Unlike classical computers, which rely on bits that are either on or off, quantum computers use qubits, which can either be on or off, or both – known as the super-position. This super-position allows quantum computers to make multiple calculations at one time, and with far greater efficiency than traditional technology allows.

The advantages of quantum computing

Though the application of quantum mechanics in pharma is still in its infancy, quantum computers’ capacity to drastically accelerate and optimise testing and predictions makes it a natural partner for the drug discovery space – and the life sciences are keen to get involved. QuPharm, for example, was formed in 2020 by major drugmakers to advance the implementation of quantum computing in the pharmaceutical industry. One company working to make this dream of quantum-powered drug discovery a reality is Australian-German start-up Quantum Brilliance.

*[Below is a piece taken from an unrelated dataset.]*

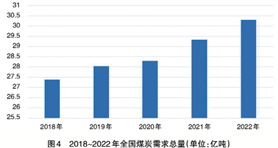 近五年來,全國煤炭消費總量隨著GDP增長同步逐年上升,2022年預(yù)計達到30.3億噸標(biāo)準(zhǔn)煤(見圖4)。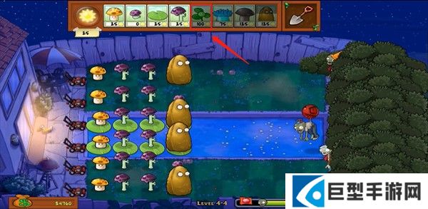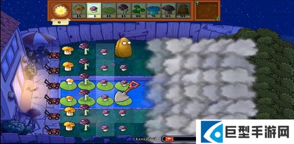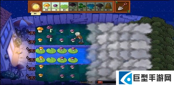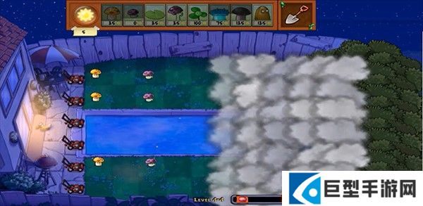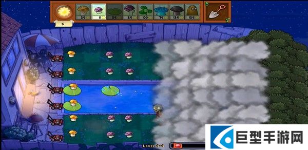 4、大家可以看到此版本与其他版本有很大的不同,上面有一层云遮挡,所以你不知道对面来了多少僵尸,可以说非常的刺激。

According to the company’s co-founder and chief scientific officer Marcus Doherty, quantum computers have a natural advantage over classical systems when it comes to simulating molecules for in silico drug discovery and design.

“Quantum computers behave by the same laws as the molecules themselves, which means that you can be much more efficient at simulating a molecule using a quantum computer than you can with a classical computer,” he says. “If you want to simulate two atoms, then for a quantum computer you only need, let’s say, two qubits to do that simulation. But for a classical computer, you would need at least four bits to simulate.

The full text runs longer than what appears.